Holy crap, I'm impressed. I hope it works out. I also look forward to seeing how other commenters tear the idea apart.
posted by blacklite at 3:58 AM on February 5, 2008


The H2 really does look like a 1950's idea of a 1980's super rocket plane.

geewillikers mister, London to Sydney in 5 hours, that's swell

Sure is Jimmy, sure is.
posted by mattoxic at 4:00 AM on February 5, 2008


Sounds like they can pull it off as long as someone is willing to pay for them to do so... in many respects, it's like a weekend in Amsterdam.
posted by The Ultimate Olympian at 4:05 AM on February 5, 2008


There's also an article on PopSci about it. So supercool, but honestly, I wouldn't want to be on the maiden voyage.
posted by DenOfSizer at 4:13 AM on February 5, 2008


Sounds like they can pull it off as long as someone is willing to pay for them to do so...

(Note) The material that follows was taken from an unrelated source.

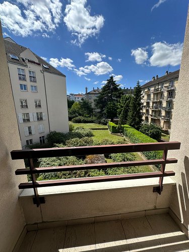 Centre ville, beau 3 pièces de 66,49m², refait à neuf, comprenant : entrée, séjour sur balcon avec vue sur parc de la résidence, dégagement avec dressing, 2 chambres, salle de bains, WC et parking en sous-sol.
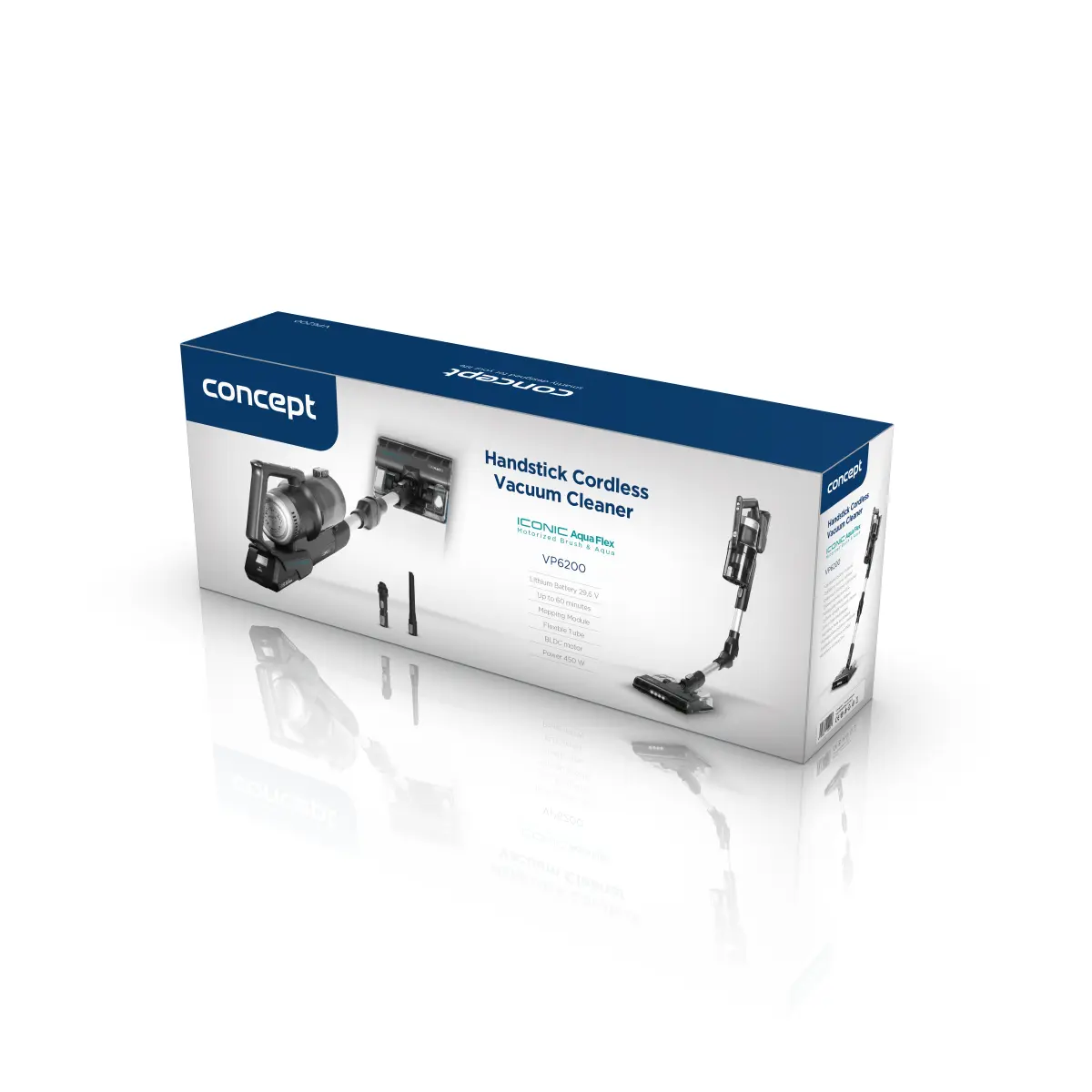 <b><p>Zánovní produkt je minimálně či jen krátkodobě používaný. Výrobek je v pořádku, může jevit známky použití. Na zboží se vztahuje plná záruka 24 měsíců. Na tuto položku se nevztahují slevové akce a dárky. </p> </b> Tyčový aku vysavač s mopem 3 v 1 Iconic Aqua Flex Concept VP6200 s flexibilním ohebným kloubem nabízí vysoký sací výkon a dlouhou výdrž. Je osazen vyjímatelnou 29,6 V Li-Ion baterií, se kterou můžete uklízet až 60 minut na jedno nabití.

The web site says that the EU is already footing half the bill.

But considering that the company name is "Reaction Engines" and they're also pitching a space-shuttle type vehicle for a group of commercial spaceports that might be around by 2025, I have to suspect that the plans for the actual vehicles are really just for getting funding to develop the engine technology and to get their name out.

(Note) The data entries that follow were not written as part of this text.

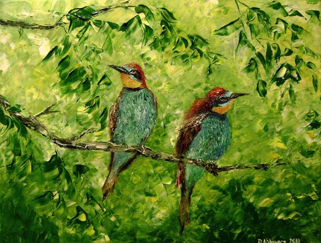 Olejne konterfekty zwierząt – kur, kogutów, kaczek i koni (efekt ostatnich plenerów) – to także zwierzęca parabola, komiczna narracja artysty, pokazująca typowe ludzkie wady - kokieterię (Czy nie jestem piękna?), żądzę władzy (Władca podwórka) i pychę (Macho).
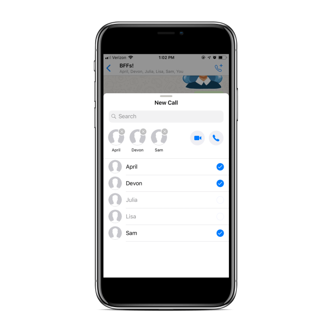 In the new design, you can go to the group whose members you want to call, then tap on the phone icon at the top-right corner of the screen to get started. From the next screen, you’ll tap the contacts within the group you want to call, then tap the voice or video button — depending on what type of call you want to make.
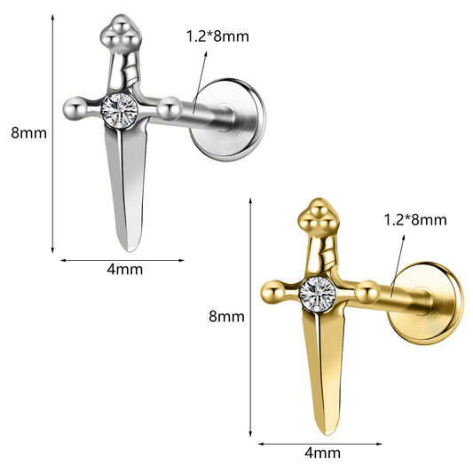 16g G23 Titanium Labret Ring Sword Stud Earring Threaded Conch Helix Lip Piercing

Another thing is that, as it says in the last link, even if they get these vehicles going, their use being green is dependent on someone else finding a way of producing liquid hydrogen in a green manner.
posted by XMLicious at 4:18 AM on February 5, 2008


Now that's what a jet is supposed to look like. Please tell me it has a huge Batmobile-style flame shooting out the back.
posted by Faint of Butt at 4:23 AM on February 5, 2008


How many times has Papular "Science" posted a spread on the future of SST only to have none of it come true. How many untrained civillian passengers are going to be able to withstand the G-forces that astronauts take and remain alive and unsoiled?
posted by Pollomacho at 4:27 AM on February 5, 2008


Just like HOTOL - never happen
posted by A189Nut at 4:27 AM on February 5, 2008


In fact it is the same guy as HOTOL and seems to be the daughter of SKYLON - the names are the best thing
posted by A189Nut at 4:29 AM on February 5, 2008


I saw this thing on Thunderbirds in the '70s.
posted by Henry C. Mabuse at 4:35 AM on February 5, 2008 [1 favorite]


Richard Branson is on about doing something like this using Spaceship Two (via Digg) only with a journey time of 45 minutes.

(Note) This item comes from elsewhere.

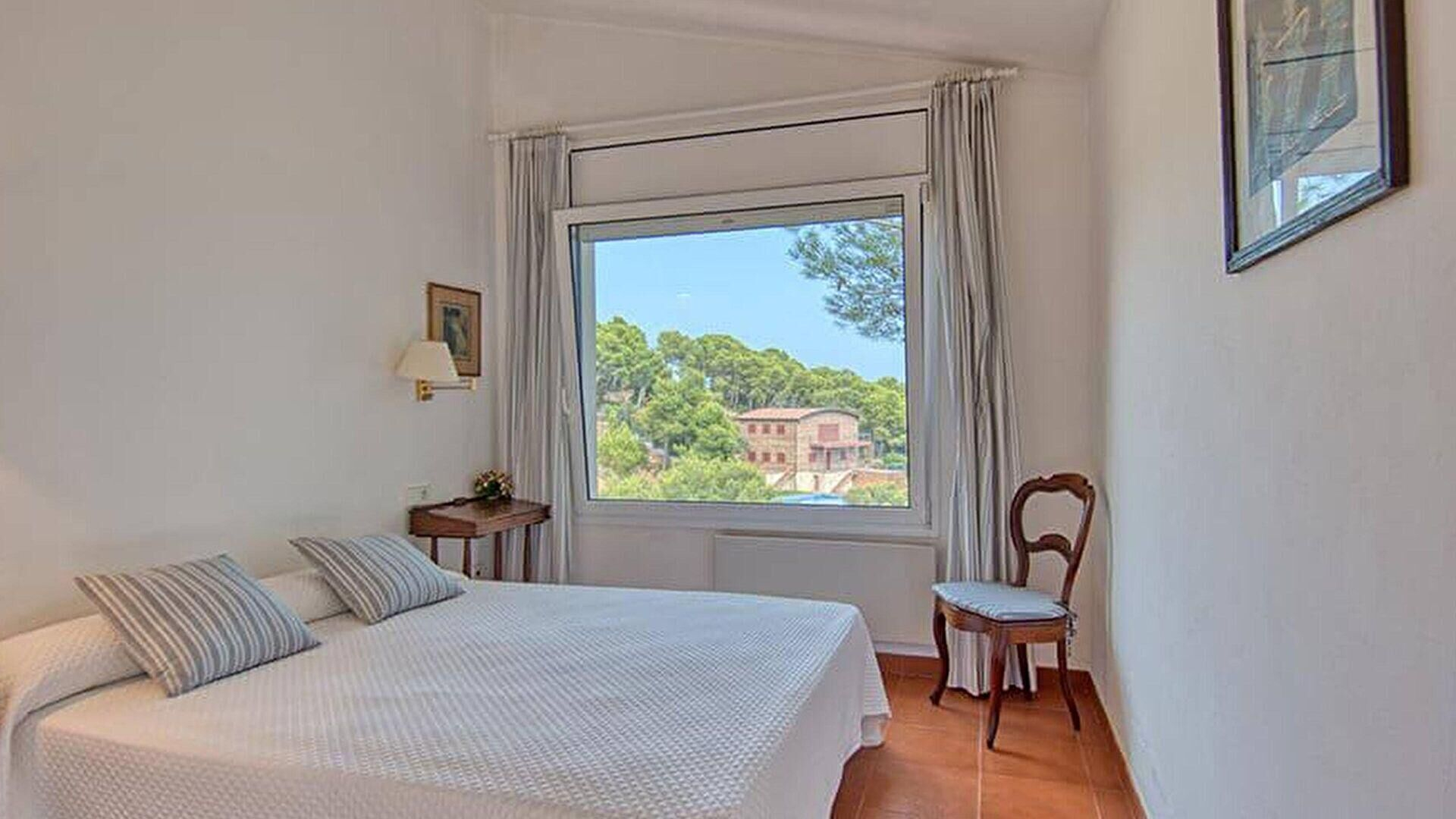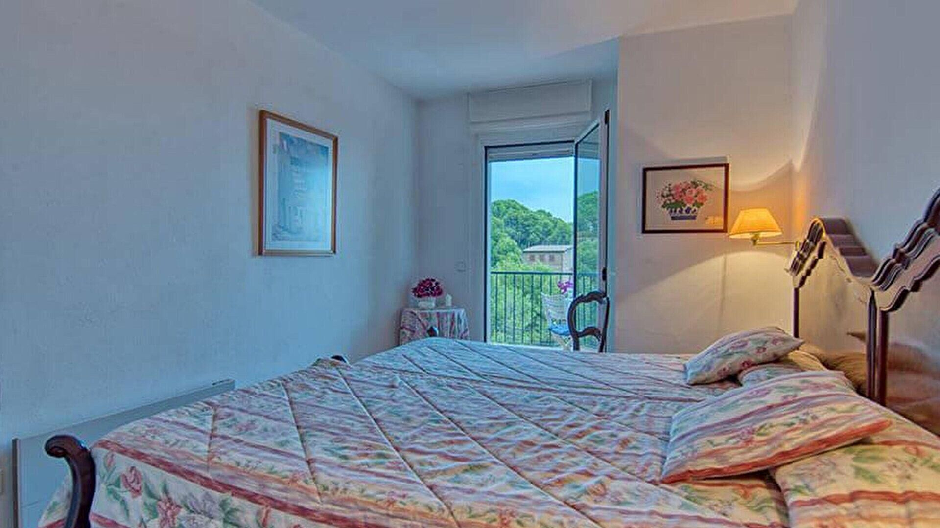 - Chambre avec 2 lits simples et sortie sur la terrasse.

I must say this one looks cooler, very retro Thunderbirds styling. I loved the HOTOL idea when it was first around, nice that it didn't get totally dumped.
posted by Z303 at 5:00 AM on February 5, 2008


Technologically, this isn't very far fetched. The engines need to be developed, but the rest is a fairly easy build.

Economically, there are problems. Is there enough Kangaroo route (and similar) to build it? We'd need LH2 infrastructure at airports, not cheap.

Would it be useful on shorter routes, or will it spend most of its time in climb and landing. If this plane could do, say, ORD-LHR in 2 hours as well as ORD-SYD in 5, it becomes a much more useful plane.

Can it carry real cargo? The pax number is fine -- 300, about the same as the 777/A340, but both of those planes carry significant cargo as well.

The real kicker is range -- it has to be able to make LHR/SYD and similar routes. What really killed the Concorde was range -- it was weight limited on JFK/CDG. Bad enough that it was passenger limited and carried little cargo, it couldn't carry full load from the US to mainland Europe, and could only barely do so to London.
posted by eriko at 5:09 AM on February 5, 2008


seems to be the daughter of SKYLON

Skylon is the space-plane project from the same company. This A2 thing (which is called "Lapcat" on their website, I can see why the press says "A2" instead) is hypersonic but doesn't leave the atmosphere.
posted by XMLicious at 5:20 AM on February 5, 2008


"The key to the design is the fuel it would use. Conventional fuels would not be able to get the A2 up to the necessary speed, and so Reaction Engines has designed an engine that would run on liquid hydrogen. "

Oh, the humanity.
posted by Uther Bentrazor at 5:51 AM on February 5, 2008


All I can say is "Good luck with that."
posted by moonbiter at 6:00 AM on February 5, 2008


XMLicious - the environmental issue is that burning jet fuel high in the stratosphere does an incredible amount of damage to the ozone layer, due to nitrous oxide emissions. Production of hydrogen on the ground would do vastly less environmental damage. Unless you power it by burning lead paint, I suppose. Hydrogen power is an interesting tech for all high altitude aircraft for this reason. Even ordinary subsonic airliners, if we build enough of them, will destroy the ozone layer.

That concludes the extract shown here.